The draft of our Science for all Christians essay collection is ready just in time for class! This booklet will be used in CHEM/BIO 180 “First Term Seminar” for freshman science majors.

The collection is organized around four main themes. Here is an introductory passage I wrote for the “Understanding Scientific Truth” section of the booklet:

The God who reveals himself in Scripture and in Christ is the same God who created and sustains a universe that is laid “before our eyes like a beautiful book” giving witness to its maker1. From this confession, we recognize that meaningful knowledge can be gained through the study of the physical world. It also means that God is the author of all truth, whether that truth is found in God’s words or works.

Growing out of this view of the relationship between God and the created order, scientific inquiry has become an incredibly powerful way of exploring and making sense of the world around us. In fact, in a modern culture deeply shaped by science and technology, scientific paradigms are increasingly claimed as the only means of gaining knowledge or absolute truth. You may even feel a tendency to view the technical, scientific content of your courses as the “most real” purpose of a college education.
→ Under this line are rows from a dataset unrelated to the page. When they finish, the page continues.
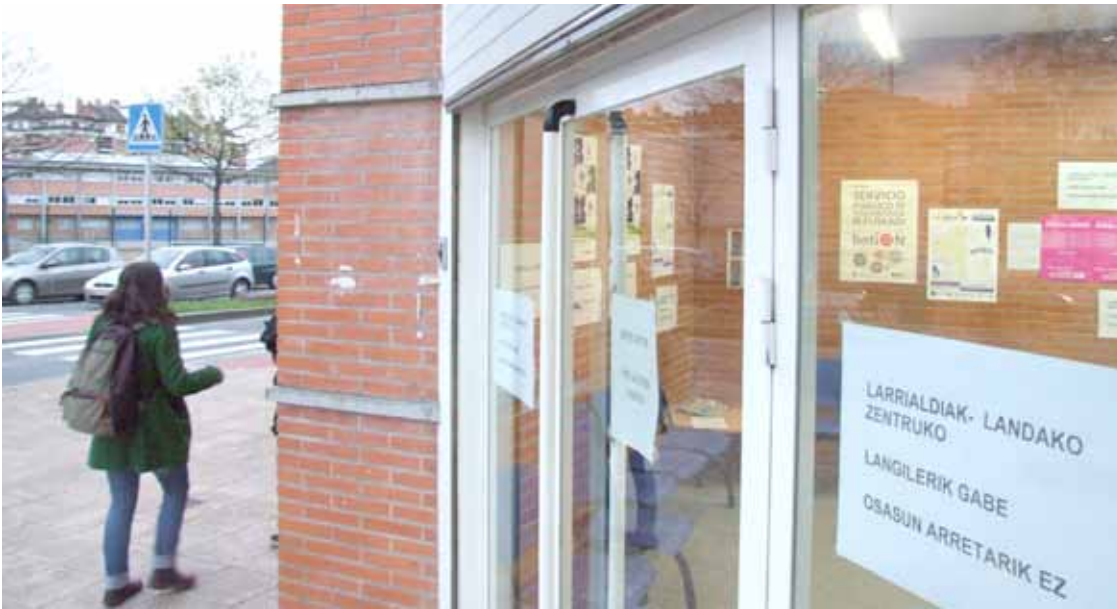
Landakoko larrialdietako beharginen protestak egin dituzte euren lan baldintzengatik.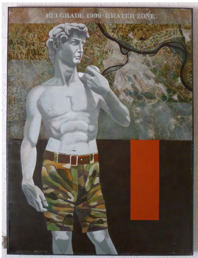
Београд, 97 × 130 cm, 1999

Изабрани цитати, настали поводом изложби Бора Лиќића, додато освећувају исцртавања и рад аутора.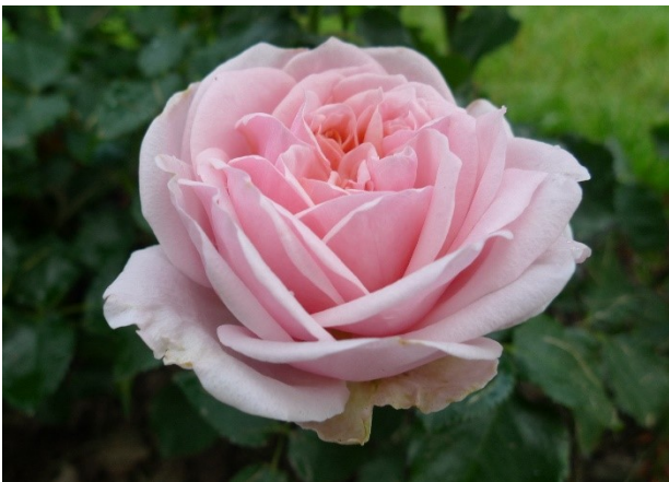
Abb. 7: 'Amorosa' (Kordes 2020).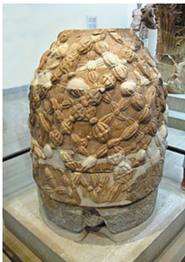
Рис. 2. Омфал в археологическом музее в Дельфах

«Круговой культ» контринициаций создавался как, одновременно, символический антагонист и нарциссическое подражание религиям «чистого опыта» и особенно — инициатическим практикам совершенного человека, с элементами прямых культовых заимствований из ведических культур и индуизма, частично античных мистерий и множества архаических ритуалов. Практически все культовые формы контринициаций за столетия их существования сохранялись как омфалоподобные (как варианта пирамидоподобия) сети и иерархии . В современную эпоху эти формы хорошо различимы у всех так называемых деструктивных и оккультных сект , у практически всех закрытых элитных сообществ, включая трансперсональные сообщества, в которые трансформировалась основная масса контринициаций.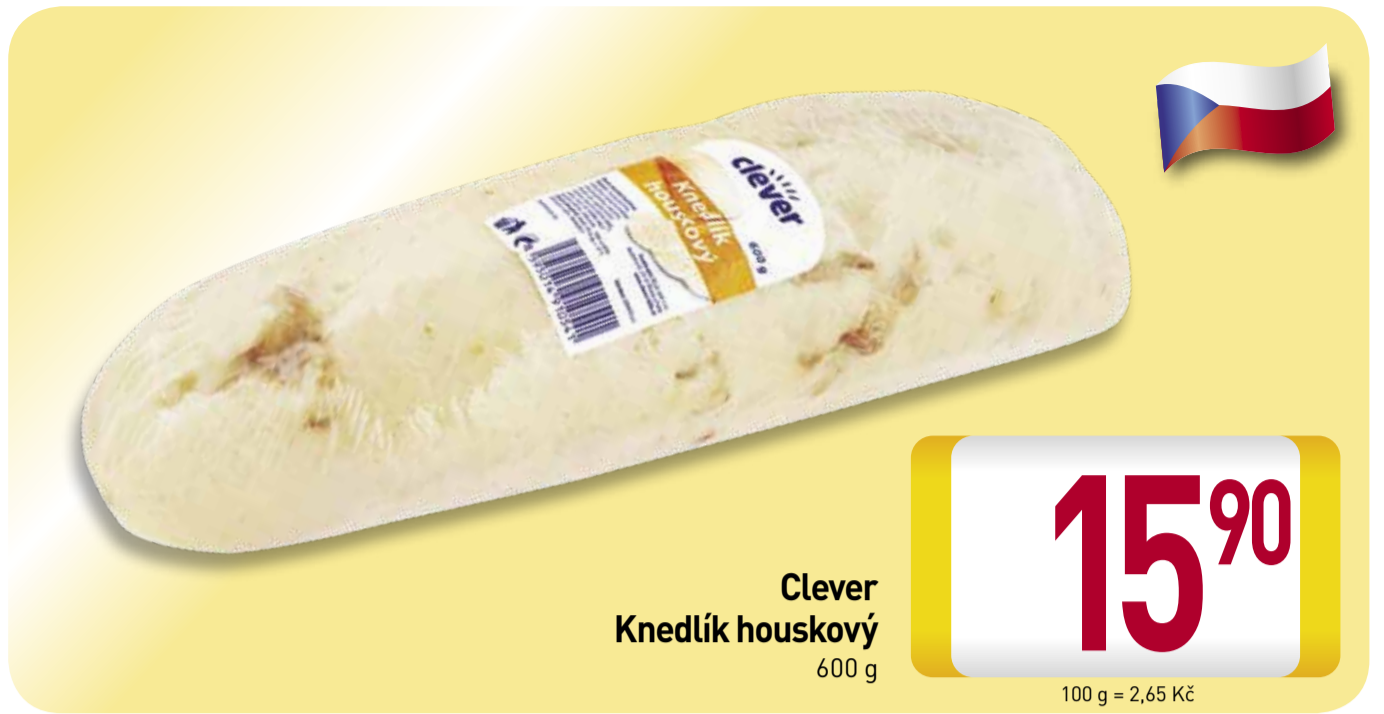
Clever Knedlík houskový 600 g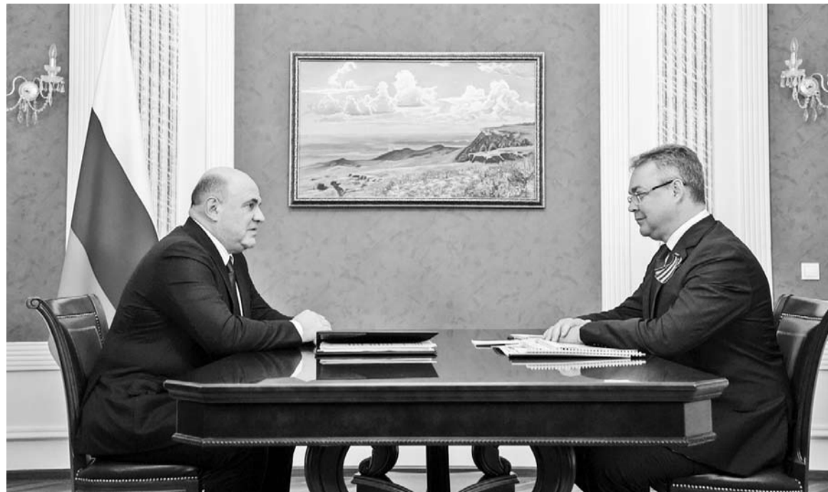
Премьер-министр Михаил Мишустин в ходе встречи с губернатором Владимиром Владимировым отметил позитивную динамику роста ключевых показателей социально-экономической сферы Ставрополья

В рамках рабочей поездки на Северный Кавказ премьер-министр РФ Михаил Мишустин провёл на Ставрополье встречу с губернатором Владимиром Владимировым.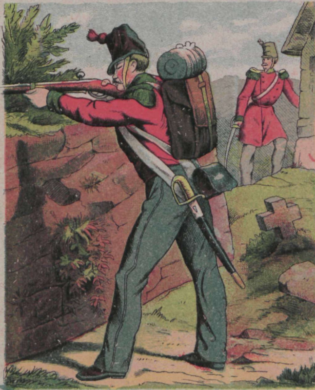
P alju kärmemine, tui kõige türem tuul, Lendab sõjamehe surmatu kuul.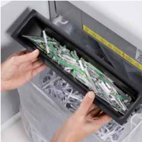
Separate, integrierte Auffangbehälter unterstützen bei der umweltfreundlichen Abfalltrennung von Papier und CDs, DVDs, Scheck- und Kreditkarten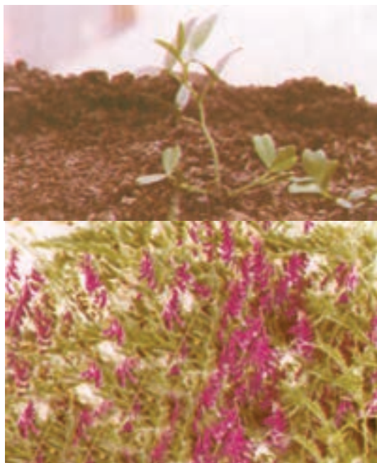
۱- Vicia villosa

۱- خصوصیات گیاه: گیاهی است یک‌ساله یا دو‌ساله، بالارونده به ارتفاع ۳۰ تا ۶۰ سانتی‌متر، ساقه‌ها منشعب، ظریف، پوشیده از کرک‌های متراکم یا بدون کرک، برگ‌ها شانهای و شامل ۵ تا ۱۰ جفت، برگچه دارای پیچک، ریشه‌ها عمیق و راست و گل‌آذین خوشه‌ای گل‌ها به رنگ ارغوانی و میوه نیام که سطح آن دارای کمی رگه‌های مشبک می‌باشد، هر میوه دارای ۴ تا ۶ بذر و بذرها تیره و سیاه هستند.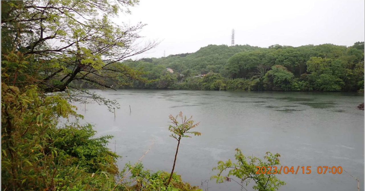
右岸35.0km付近より上流を撮影。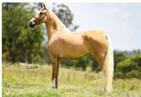
JACARANDÁ DE ALCATÉIA

Yet this type of scientism exaggerates the role of science while also missing its potential richness. Science is first and foremost a human activity, shaped by the culture in which it is embedded. This has some important implications for how we are to interpret the results of science (or “scientific truths”). First, scientific knowledge does not proceed only by the accumulation of a growing catalog of facts about the world, but also upon the development of explanatory frameworks about how parts of the world behave and interact. Second, science is subject to its own “cultural contradiction”2: it operates in a constant state of change, re-invention, and overthrow of existing paradigms. Today’s theory is always at risk of becoming tomorrow’s cautionary tale.

The tension between the incredible explanatory power of modern scientific paradigms and ongoing paradigm change is representative of a longstanding debate about what kind of “truths” science provides: to what extent are scientific results reflecting an actual objective reality? To what extent are they simply a human tool for perceiving, ordering, and predicting our interactions with the world?3. In any case, science provides a unique way for humans, as image-bearers, to participate as co-creators of meaning, to promote and develop the material world for the flourishing of humankind and the rest of creation, and to increasingly understand a physical universe created by a loving God.

1Belgic Confession, Article 2; Ps 19:1-2, 97:6, 104; Rom 1:19-20, Heb 11:3, Acts 14:15-17, Job 38ff

2Lorraine, D (2016) When Science Went Modern, The Hedgehog Review, 18(3)

3This can be characterized as the debate between realism and instrumentalism.